Green Pages

The Iconic Nassau Grouper

Regionally endangered, locally abundant

Story & Photos By John Claydon, PhD & Marta Calosso, MS, MA – TCI Nassau Grouper Project leaders

Go on any SCUBA dive or snorkel trip in the Turks & Caicos Islands and you would be very unlucky not to see a Nassau grouper or two. It is no exaggeration to say that there is nowhere else in the world where you encounter this species so frequently. When they see you from a distance, they usually remain quite stationary except to turn their heads to track your movement as you swim by. Often they can be curious, and they may approach divers — however, this is typically a sign that the fish is accustomed to being fed which should not be encouraged.

It is also quite easy to find them on a dinner plate: many restaurants will offer this locally caught fish, usually listed simply as “grouper” on the menu.
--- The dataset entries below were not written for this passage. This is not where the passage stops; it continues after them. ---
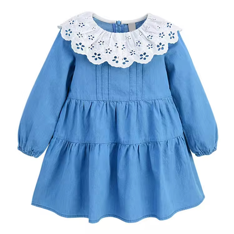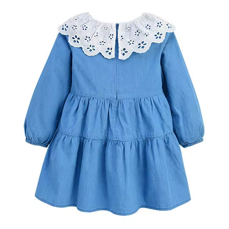 Guangzhou Manufacturer Fashion Newest Design Long Sleeve Girls' Dresses Lacework Collar Knee Length Denim Dress
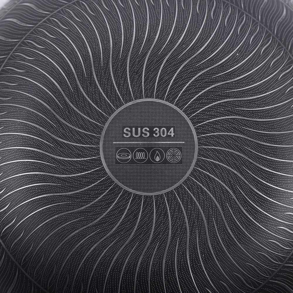 A 34cm Stainless Steel Non Stick Cooking Wok. It Has an Inner Pot Surface with Beautiful Non Stick Coated Honey Comb Pattern. Both Interior and Outerior Consist of Pattern Design. the Pot Also Includes with a Glass Cover Lid. Suited to Cook Meals of Many Kind, It Also Is Easy to Clean. Built with Sturdy Handle for Easy Handling
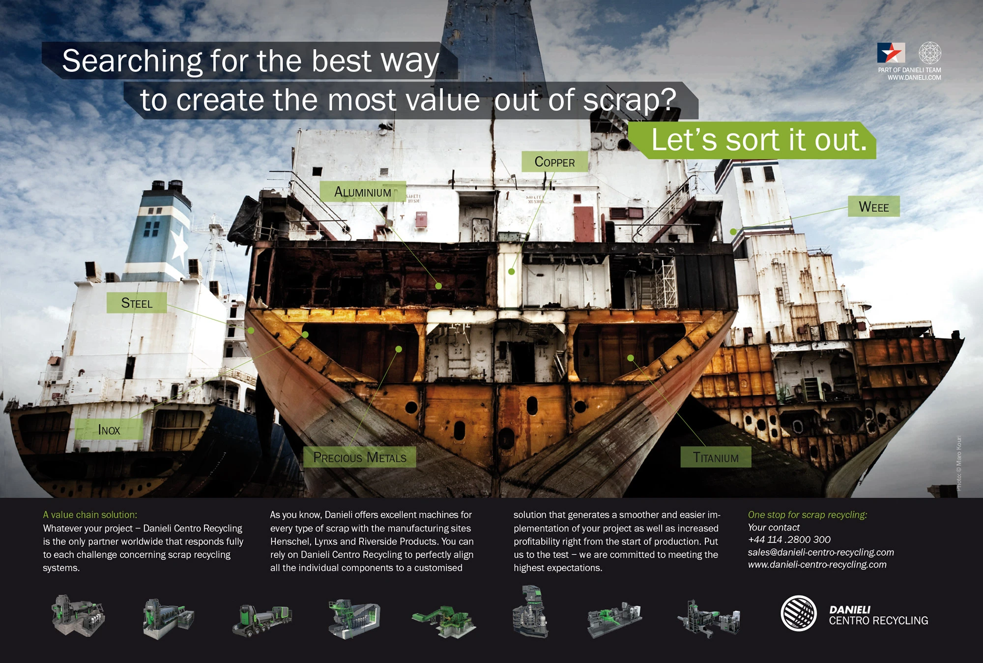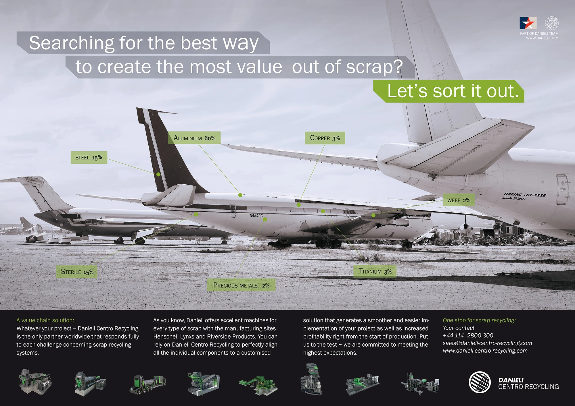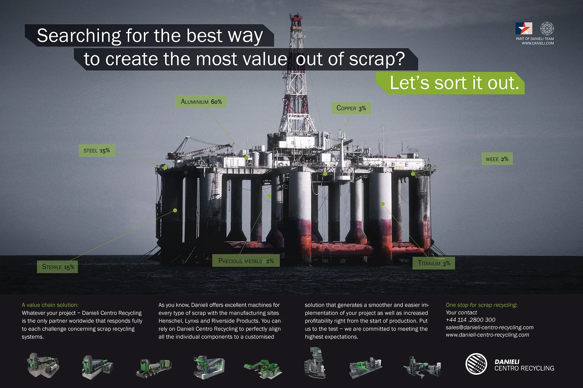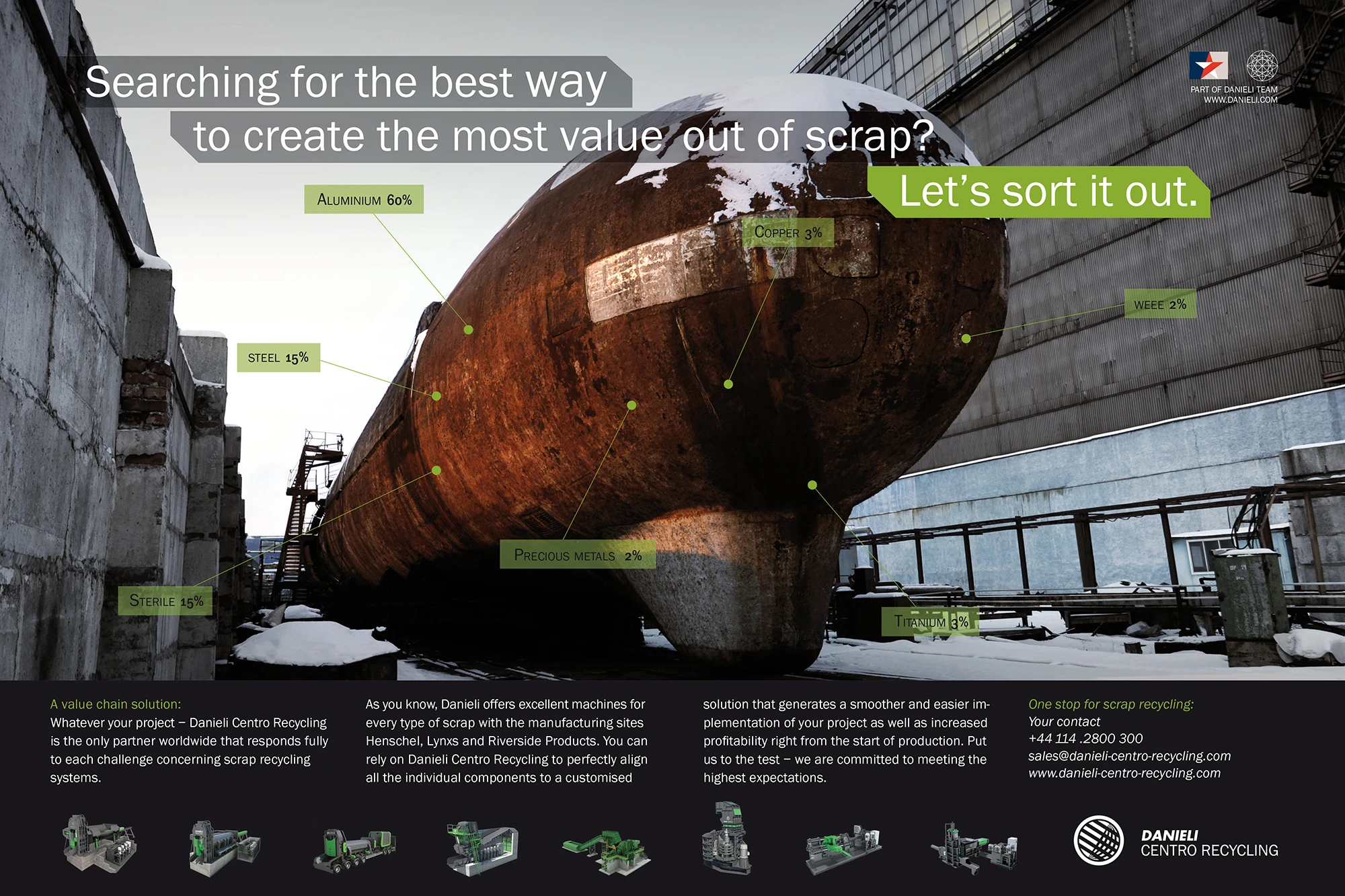 Danieli ist ein weltweit operierendes italienisches Unternehmen für Recyclingmaschinen. Der Konzern ist führend, wenn es um die Verarbeitung von Abfällen und Schrott geht und sichert seinen Kunden maximale Wertschöpfung bis zum kleinsten Aluminiumschnipsel.

We take this for granted, but in some other countries Nassau groupers have become so rare that it is illegal to catch them. In fact, the species is considered endangered by the International Union for the Conservation of Nature, the organisation tasked with assessing species’ risks of extinction.

Juvenile Nassau Grouper.

Juvenile Nassau Grouper.

Nassau grouper is usually considered to be a coral reef fish, but that is a little misleading. When grouper spawn, eggs are released high above the substratum; eggs then hatch into larvae and spend about forty days in the water column drifting offshore and potentially dispersing long distances in the currents. Eventually, once they have grown about an inch long and become capable swimmers, larvae are ready to swim back to shallow areas and settle, but typically the habitats they choose are not reefs, but seagrass or algal areas.
In the TCI, early juvenile Nassau grouper often use discarded conch shells and “blowout” ledges — the shelter formed by exposed roots and rhizomes in seagrass beds. After spending about a year in their early juvenile habitats, Nassau grouper migrate to shallow patch reefs, and then to deeper reefs, where they become reproductively mature at four to eight years of age. While some reef fishes breed year-round, Nassau grouper has a very short spawning season of two to three months only, which in the TCI runs from December to the end of February and synchronises with a phase of the moon. Nassau grouper breeding can be spectacular: they form aggregations of thousands (reportedly up to one hundred thousand) with individuals capable of migrating over sixty miles to spawn at the same location year after year.
Dr. John Claydon collects samples from a mature Nassau Grouper.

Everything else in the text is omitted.